It started out as a small-scale celebration, a ghoroa (homely affair) of probashi Bengalis (Bengalis living outside Bengal).

“In those days, one person would provide the space for the puja, another would cook the food and a third person would organise programmes,” samity member Anand Shankar Sengupta says.

“I came to Timarpur with my parents in 1924. The elders prepared for the event four-five months in advance — drama and dance rehearsals were held in different places and the children would gather at the residence of Indu Bowmick, where the idol was always made. When I turned 10, I was given the honour of serving the mother goddess,” 93-year-old Heramba Mukherjee recalls.

One of the major attractions of the Puja during the ‘30s was the screening of Bengali movies.

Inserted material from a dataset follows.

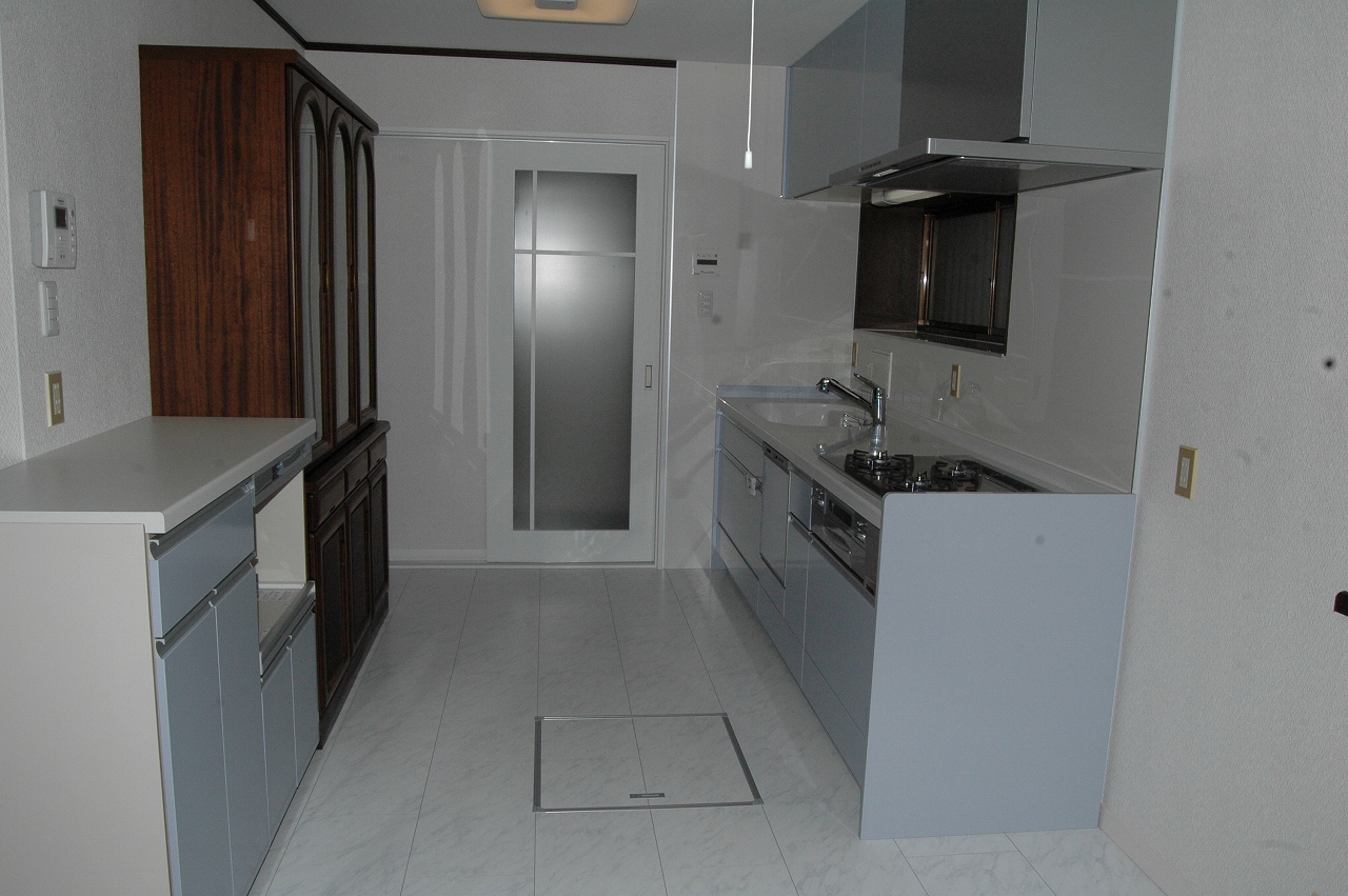 - 古くなったキッチンを新しくし、劣化していた床をやり変え、壁を撤去するなど一部間取り変更をさせていただきながら、LIXILのシステムキッチン及びカップボードを入れさせていただきました。

“People didn’t have TVs and there was no way to watch Bengali movies in Delhi. So, the samity would screen the most popular Bengali movies of that time over two days of the festival. We would hire a guy who would bring the film reels and a 35mm projector to the pandal on a ‘phat-phat’ auto. Others brought home-cooked biryani and traditional Bengali food and we would watch movies till 4 in the morning,” Mukherjee says.

The screening stopped in the mid-’80s with the advent of TV, he adds.

Puja was also the time when the children of the locality got enough money to fund their ‘chotoder’ library (children’s library).

Ashok Nath Chatterjee (82) says, “We sold tea during the Puja. In those days the plays and movies would go on till morning, and as 10-year-olds we were even free to go inside the ladies enclosure to supply tea.”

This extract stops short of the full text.